» **TASK TO COMPLETE**: Take the listing below and print exactly the lines starting at the line containing "Elegant ring featuring" and ending at the line containing "新作 秋の子供用セット寝間着", both ends included, and no others.

» **GIVEN DATA**:

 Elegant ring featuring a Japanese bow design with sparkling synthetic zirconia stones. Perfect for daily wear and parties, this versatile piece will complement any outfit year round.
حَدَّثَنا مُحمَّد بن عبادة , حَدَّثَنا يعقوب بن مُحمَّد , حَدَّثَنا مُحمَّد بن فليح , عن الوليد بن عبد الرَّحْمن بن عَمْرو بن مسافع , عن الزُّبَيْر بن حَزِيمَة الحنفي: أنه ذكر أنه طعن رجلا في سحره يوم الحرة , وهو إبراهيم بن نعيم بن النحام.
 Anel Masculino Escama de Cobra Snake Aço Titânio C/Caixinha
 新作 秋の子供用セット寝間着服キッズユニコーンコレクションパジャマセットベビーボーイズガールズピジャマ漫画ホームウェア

* * *

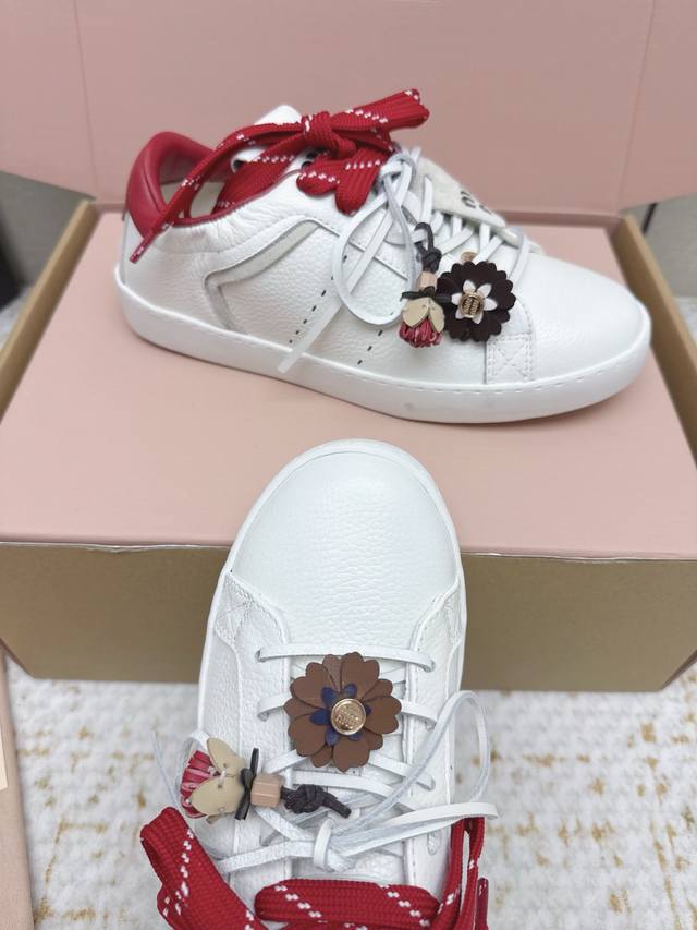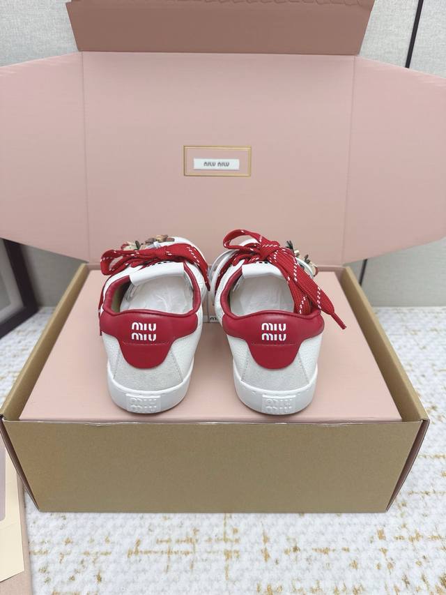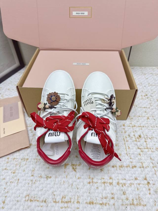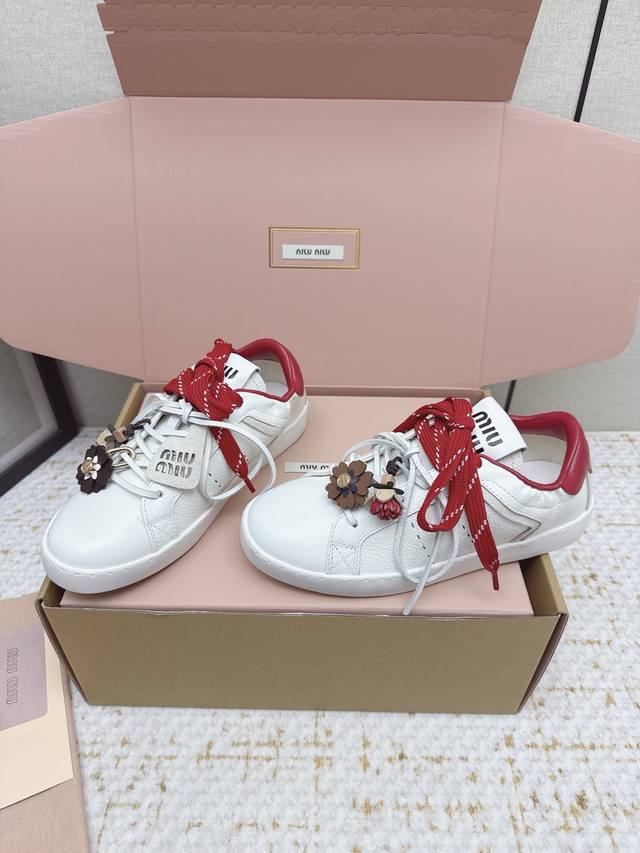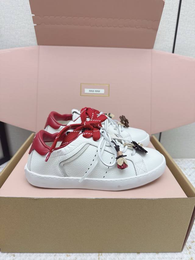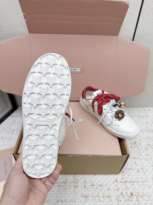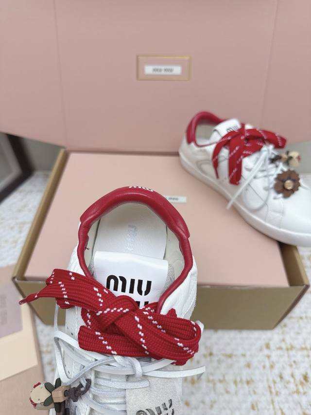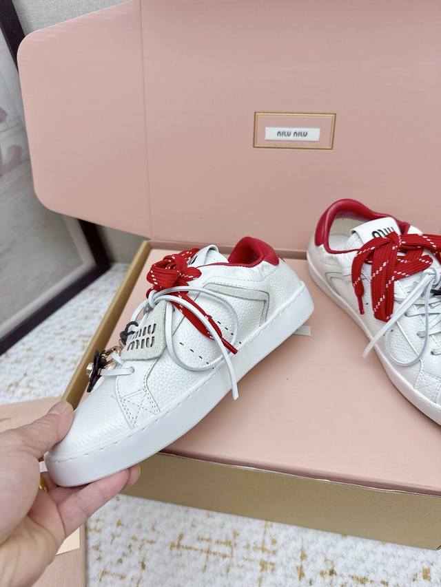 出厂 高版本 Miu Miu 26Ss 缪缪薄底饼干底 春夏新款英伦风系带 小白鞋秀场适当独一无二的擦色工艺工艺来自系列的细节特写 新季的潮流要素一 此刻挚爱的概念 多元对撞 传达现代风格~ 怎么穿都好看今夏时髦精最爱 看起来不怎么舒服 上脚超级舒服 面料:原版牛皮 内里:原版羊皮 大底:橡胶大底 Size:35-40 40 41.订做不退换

» **REPLY**:
 Elegant ring featuring a Japanese bow design with sparkling synthetic zirconia stones. Perfect for daily wear and parties, this versatile piece will complement any outfit year round.
حَدَّثَنا مُحمَّد بن عبادة , حَدَّثَنا يعقوب بن مُحمَّد , حَدَّثَنا مُحمَّد بن فليح , عن الوليد بن عبد الرَّحْمن بن عَمْرو بن مسافع , عن الزُّبَيْر بن حَزِيمَة الحنفي: أنه ذكر أنه طعن رجلا في سحره يوم الحرة , وهو إبراهيم بن نعيم بن النحام.
 Anel Masculino Escama de Cobra Snake Aço Titânio C/Caixinha
 新作 秋の子供用セット寝間着服キッズユニコーンコレクションパジャマセットベビーボーイズガールズピジャマ漫画ホームウェア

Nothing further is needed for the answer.